### PROBLEM REQUIREMENTS
Print the line containing "Découvrez ci‑dessous quelques", then every line after it through the end of the material, exactly as written and without pictures.

### AVAILABLE RECORDS

———

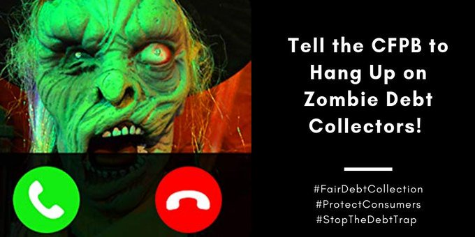#Halloween, scare@CFPB into dropping its proposal to help debt collectors collect#zombiedebt that is so old it's past the legal deadline.#ProtectConsumers#FairDebtCollectionpic.twitter.com/XcJCaRwB1C
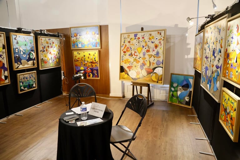 Découvrez ci‑dessous quelques images des expositions auxquelles Michèle Auderson a participé au fil des années, en galerie comme en salons d’art
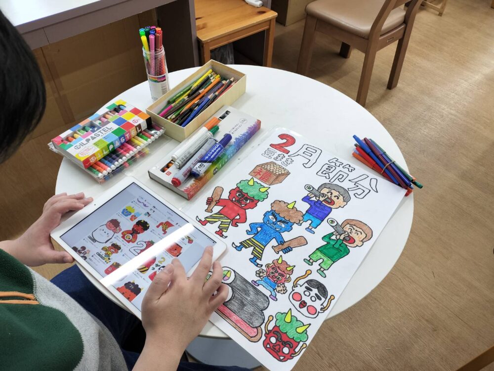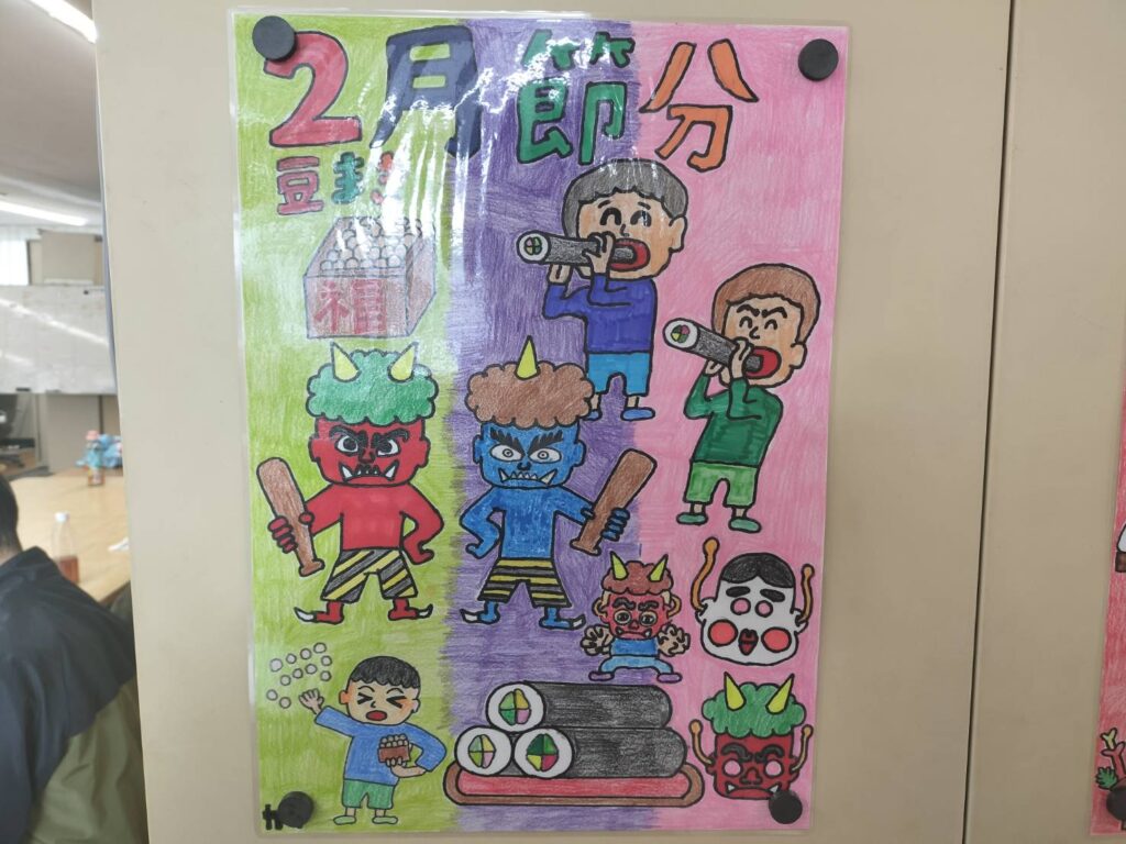 就労なでしこ 季節のポスター製作 2026.01.28 2026年が始まって1か月が経とうとしていますね。 日も長くなってきて、季節も冬から春に向かっているように感じます。 就労なでしこでは、月ごとに利用者さんがポスターを描いており、 季節を感じる素晴らしい作品ができあがっています。 2月は節分ですね、豆や鬼たちがたくさん描かれています。 「きれいにできた~!」と完成した作品を見せてくれました! 次回以降の作品もお楽しみに♪ 022-385-7223 担当:橋場(はしば) 仙台市若林区大和町4丁目13-27(工房なでしこ1階) 就労継続支援事業所なでしこのページ 就労継続支援事業所なでしこのブログ Twitter Instagram Post Share Hatena Pocket RSS 就労なでしこコメント: 0 楽しみながら続ける、なでしこの商品づくり
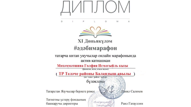 Урта Мишә авыл китапханәчесе Мөхәммәтшина Гөлфия Исмәгыйль кызы XI нче Дөньякүләм үтүче, татарча китап укучылар онлайн марафонында актив катнашканы өчен Диплом белән бүләкләнде.
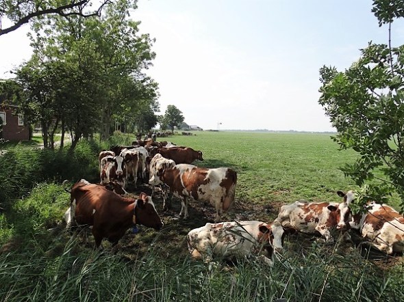 Koeien zoeken massaal het reepje schaduw op bij de Dijkstreek:

———

### RESPONSE TO THIS TASK
 Découvrez ci‑dessous quelques images des expositions auxquelles Michèle Auderson a participé au fil des années, en galerie comme en salons d’art
 就労なでしこ 季節のポスター製作 2026.01.28 2026年が始まって1か月が経とうとしていますね。 日も長くなってきて、季節も冬から春に向かっているように感じます。 就労なでしこでは、月ごとに利用者さんがポスターを描いており、 季節を感じる素晴らしい作品ができあがっています。 2月は節分ですね、豆や鬼たちがたくさん描かれています。 「きれいにできた~!」と完成した作品を見せてくれました! 次回以降の作品もお楽しみに♪ 022-385-7223 担当:橋場(はしば) 仙台市若林区大和町4丁目13-27(工房なでしこ1階) 就労継続支援事業所なでしこのページ 就労継続支援事業所なでしこのブログ Twitter Instagram Post Share Hatena Pocket RSS 就労なでしこコメント: 0 楽しみながら続ける、なでしこの商品づくり
 Урта Мишә авыл китапханәчесе Мөхәммәтшина Гөлфия Исмәгыйль кызы XI нче Дөньякүләм үтүче, татарча китап укучылар онлайн марафонында актив катнашканы өчен Диплом белән бүләкләнде.
 Koeien zoeken massaal het reepje schaduw op bij de Dijkstreek:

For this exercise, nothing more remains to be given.